[REVIEW] Three Books on Culture Change
Mar. 23rd, 2004 01:55 amThe history of the southern Levant three thousand or so years ago enjoys an importance out of proportion to its geographic area, thanks to the origins of the Abrahmic religion in the writings of the local West Semitic tribes of the period. Arriving at an accurate account of what exactly happened in the area--what cultures rose, what cultures fell, and how the acts of rising and of falling were accomplished--is notoriously difficult because of the emotions involved in determining just what history is correct. (Current disputes over the rightful proprietors of the territory also complicate matters.) William G. Dever's Who Were the Early Israelites and Where Did They Come From? does a good job of examining the evidence, site by site, epoch by epoch.
Dever's reconstruction appears to make sense, avoiding the extremes of denying any historical validity to the Bible or of ascribing complete accuracy to the Bible. (The Book of Joshua comes off particularly badly, given the lack of archeological evidence for any campaigns of conquest, or indeed, of many of the places claimed conquered.) The book's conclusion that, a certain immigration from Egypt aside, the Israelites can trace their origins to highland refugees from the collapse of Egypt's post-Hyksos imperial satellite states in Palestine in the 14th and 13th centuries BCE looks plausible at its conclusion. People more familiar with biblical archeology than me can judge whether or not Dever is indeed the neutral third-person observer he positions himself as, but I was satisfied.
Making Jews Modern, by Sarah Abrevaya Stein, is a fascinating book whcih explores the impact of modernity on Jews in southeastern and eastern Europe. Stein is specifically concerned with exploring the ways in which the Yiddish press (in the Russian empire) and the Ladino press (in the former Ottoman sphere) served to create "modern"--consumerist, Westernized, politicized--Jewish populations. The book is a comparative study of these two great lost cultures of the Diaspora, examining how the five million or so Ashkenazic Jews of the Russian Empire and the quarter-million Ladino-speaking Sephardim reacted to the transformations of belle époque Europe on Europe's geographic margins.
Making Jews Modern was interesting in the way that it evoked the impact of mass media on still-traditional cultures, and the way that the mass media were used by members of these cultures to try to propagate their cultures. If Jewish newspapers advertised cosmetics, imperial adventures, scandalous gossip, and advice for Westernized Jewish households, they also communicated news about the latest pogroms, provided religious education, and served as fora for debates on Zionism. I find it hard to disagree, at the end, with Stein's conclusion that whereas the much smaller Sephardic population was declining, sapped by emigration and acculturation (not only to the cultures of the Ottoman successor states, but to the Francophone culture propagated by the Alliance Israélite Universelle), the Ashkenazic population was thriving, growing in numbers and confidence despite the serious problems of post-Great War Europe. The Holocaust changed this, of course.
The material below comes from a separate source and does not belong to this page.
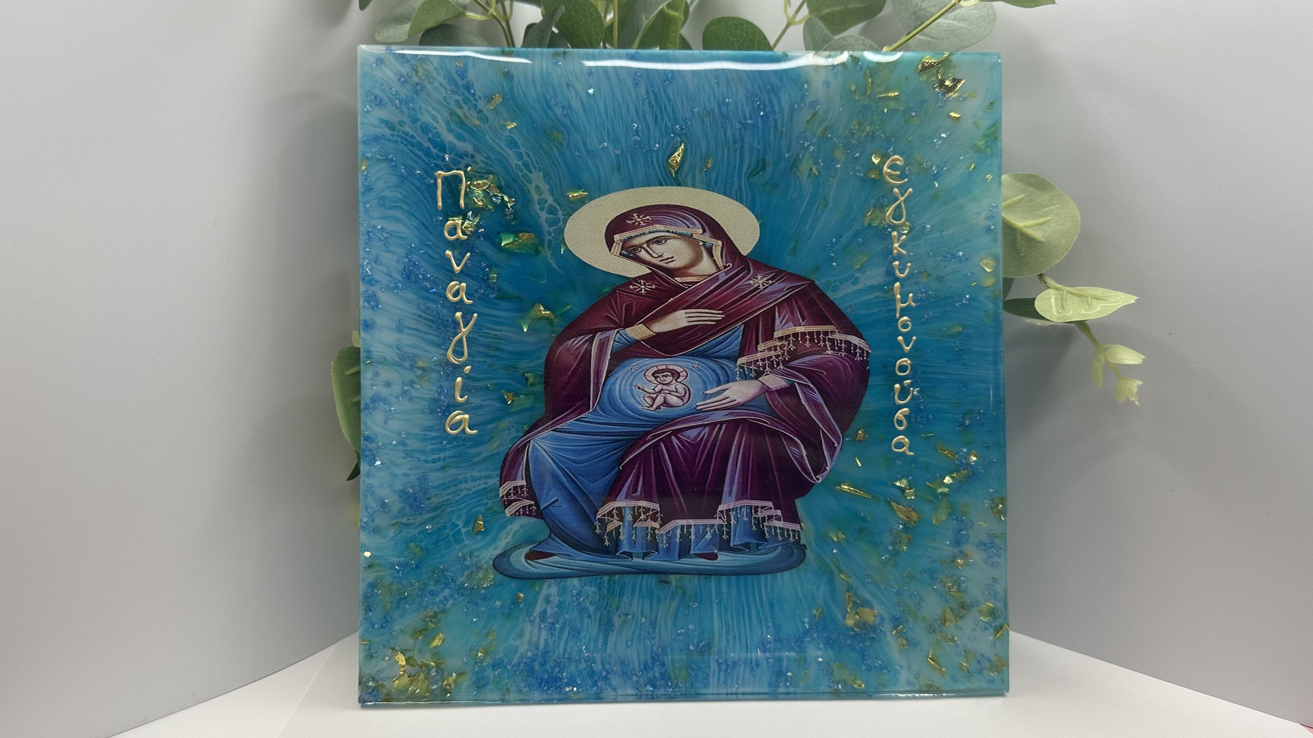Χειροποίητη εικόνα Παναγίας Εγκυμονούσας από υγρό γυαλί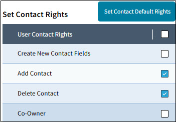 - Set Contact Rights: These are the 4 major rights for Contacts. The individual field rights will be discussed below.

Between History and Tomorrow is subtitled "Making and Breaking Everyday Life in Rural Newfoundland." Written by an anthropologist (Gerald Sider) who did extensive fieldwork in Newfoundland, the copy I read is actually the second edition, written after the collapse of the cod fisheries in the early 1990's and the beginnings of a spectacular depopulation of the province. This edition of Between History and Tomorrow reads like a post-mortem analysis of traditional Newfoundland culture, seeking to discover the reasons for the failure of Newfoundland's traditional fishing culture to sustain itself.
Dependency is identified as the key reason for the failure of Newfoundland. There existed, in Sider's convincing reading of traditional Newfoundland culture and Newfoundland history, a nexus of social, economic, and political structures which tied the inhabitants of the outports to outside merchants and bureaucrats, never allowing the former to achieve any degree of autonomy relative to the latter through more favourable rates with moneylending, secure tenure to their land, and so on. This external dependency didn't produce any internal solidarity among the outport residents, though; if anything, there seems to have been a lot of tension, demonstrated by a reluctance to lend aid to anyone not part of one's family or circle of friends. In the end, and despite Sider's suggestion that Newfoundland's fate at the hands of an uncaring wider economy might be replicated in numerous other places (exhausted maquiladora towns on the Mexican border, say), one can't help but feel that Newfoundland was doomed to exhaust its resource-based economy and be thrown back on such other resources as remained.